#### [WHAT THE EXERCISE ASKS]
No pictures belong in the copy. Reproduce exactly the lines beginning at the line containing "This cape blouse has a casual vibe." and continuing to the end of the entries below.

#### [RECORDS TO USE]
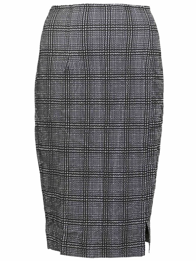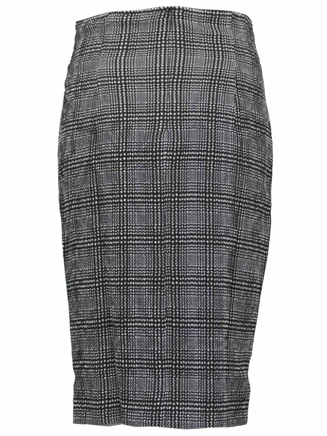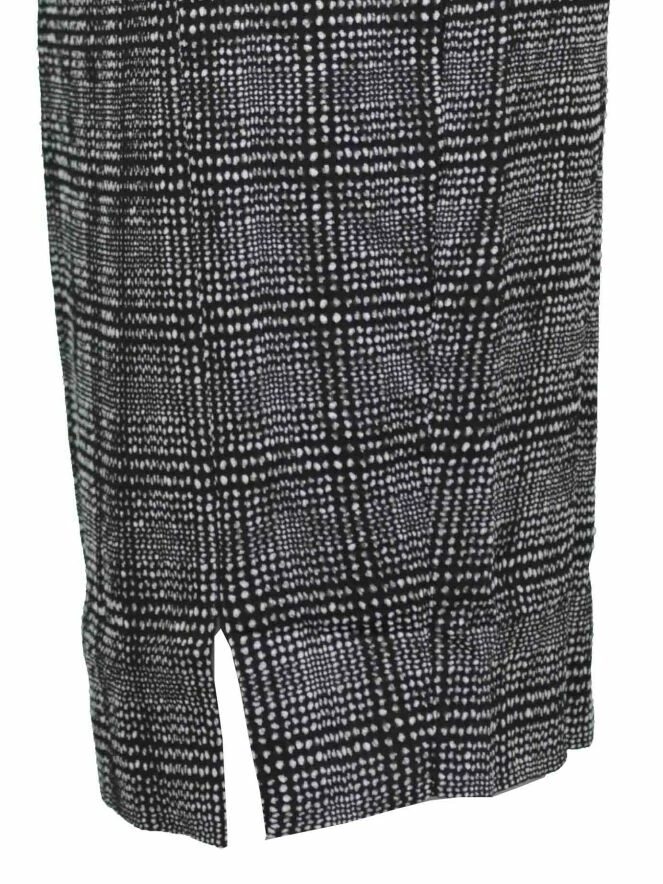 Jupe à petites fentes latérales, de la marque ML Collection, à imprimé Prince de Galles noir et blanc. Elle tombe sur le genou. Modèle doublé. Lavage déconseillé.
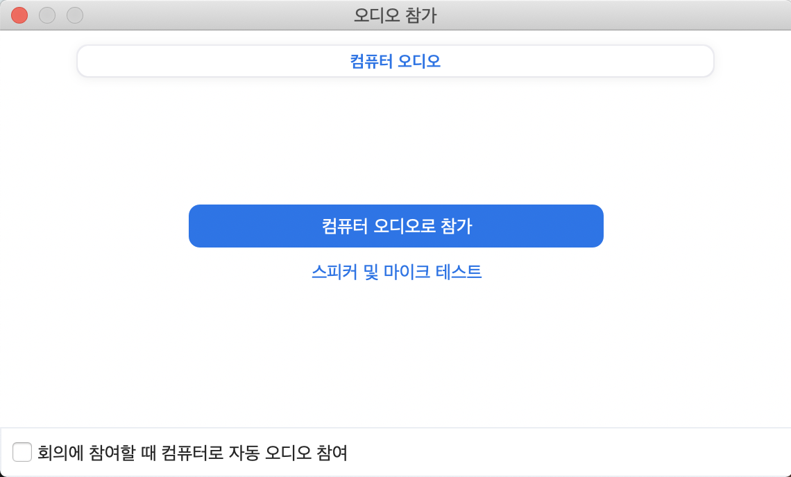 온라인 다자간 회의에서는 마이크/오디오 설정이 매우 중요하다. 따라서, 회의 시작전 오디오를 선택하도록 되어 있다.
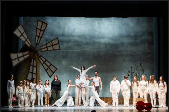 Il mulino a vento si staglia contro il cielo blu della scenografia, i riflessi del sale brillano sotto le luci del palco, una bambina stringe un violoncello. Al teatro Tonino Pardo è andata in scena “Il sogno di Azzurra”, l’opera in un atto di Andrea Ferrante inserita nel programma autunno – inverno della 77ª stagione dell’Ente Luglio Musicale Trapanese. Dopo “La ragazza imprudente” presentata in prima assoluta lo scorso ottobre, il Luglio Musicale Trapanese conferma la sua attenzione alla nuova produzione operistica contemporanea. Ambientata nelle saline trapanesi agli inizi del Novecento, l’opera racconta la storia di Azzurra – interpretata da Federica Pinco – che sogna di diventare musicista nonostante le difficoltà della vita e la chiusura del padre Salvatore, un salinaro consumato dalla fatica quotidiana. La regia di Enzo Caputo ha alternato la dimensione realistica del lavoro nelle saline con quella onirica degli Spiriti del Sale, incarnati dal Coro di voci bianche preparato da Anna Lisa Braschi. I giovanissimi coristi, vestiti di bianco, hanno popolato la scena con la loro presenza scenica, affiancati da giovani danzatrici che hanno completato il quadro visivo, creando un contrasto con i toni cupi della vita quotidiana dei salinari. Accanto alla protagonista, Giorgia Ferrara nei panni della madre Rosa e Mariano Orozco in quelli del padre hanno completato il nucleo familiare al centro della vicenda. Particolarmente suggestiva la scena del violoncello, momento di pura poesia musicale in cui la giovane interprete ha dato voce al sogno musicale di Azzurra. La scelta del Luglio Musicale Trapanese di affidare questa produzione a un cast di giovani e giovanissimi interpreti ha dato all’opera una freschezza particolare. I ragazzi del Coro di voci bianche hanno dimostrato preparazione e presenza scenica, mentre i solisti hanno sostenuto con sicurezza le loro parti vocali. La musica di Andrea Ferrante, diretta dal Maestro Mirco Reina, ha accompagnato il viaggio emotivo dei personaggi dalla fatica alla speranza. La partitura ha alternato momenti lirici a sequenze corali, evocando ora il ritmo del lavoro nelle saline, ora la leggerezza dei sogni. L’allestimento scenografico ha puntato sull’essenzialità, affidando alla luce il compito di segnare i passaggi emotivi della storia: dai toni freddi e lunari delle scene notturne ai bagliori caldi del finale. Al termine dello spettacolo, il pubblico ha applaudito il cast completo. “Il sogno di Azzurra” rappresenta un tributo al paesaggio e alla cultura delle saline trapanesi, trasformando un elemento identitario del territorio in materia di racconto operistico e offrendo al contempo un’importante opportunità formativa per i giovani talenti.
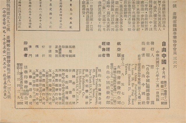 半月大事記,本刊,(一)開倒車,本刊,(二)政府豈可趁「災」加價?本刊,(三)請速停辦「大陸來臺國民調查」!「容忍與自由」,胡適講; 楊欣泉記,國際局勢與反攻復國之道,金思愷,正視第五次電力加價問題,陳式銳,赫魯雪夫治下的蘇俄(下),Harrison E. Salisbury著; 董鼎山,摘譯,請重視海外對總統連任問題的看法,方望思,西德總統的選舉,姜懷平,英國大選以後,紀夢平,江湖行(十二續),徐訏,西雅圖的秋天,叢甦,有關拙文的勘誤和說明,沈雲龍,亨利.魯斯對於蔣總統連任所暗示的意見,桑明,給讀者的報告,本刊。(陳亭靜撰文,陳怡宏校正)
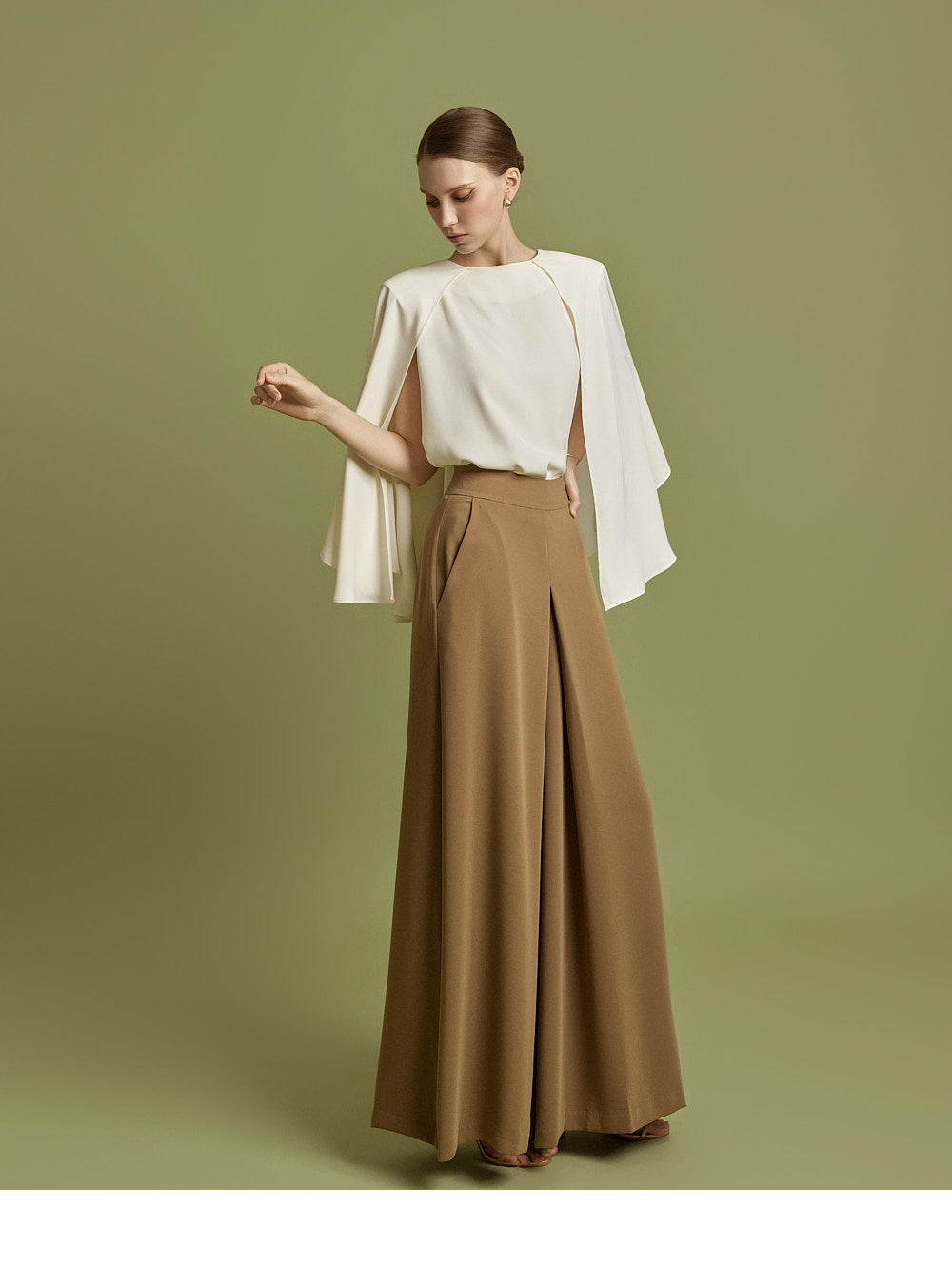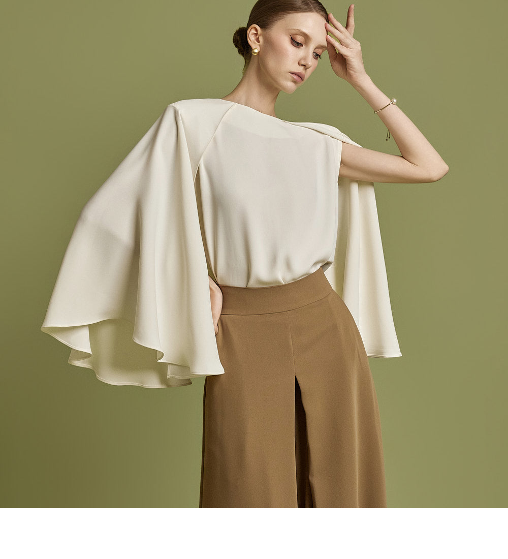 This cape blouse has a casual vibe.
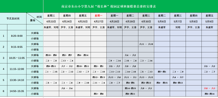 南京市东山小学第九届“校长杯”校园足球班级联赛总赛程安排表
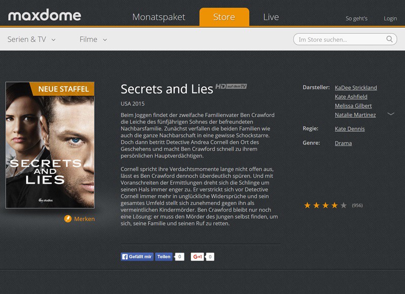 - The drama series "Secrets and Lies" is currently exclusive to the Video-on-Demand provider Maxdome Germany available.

#### [FINAL ANSWER]
 This cape blouse has a casual vibe.
 南京市东山小学第九届“校长杯”校园足球班级联赛总赛程安排表
 - The drama series "Secrets and Lies" is currently exclusive to the Video-on-Demand provider Maxdome Germany available.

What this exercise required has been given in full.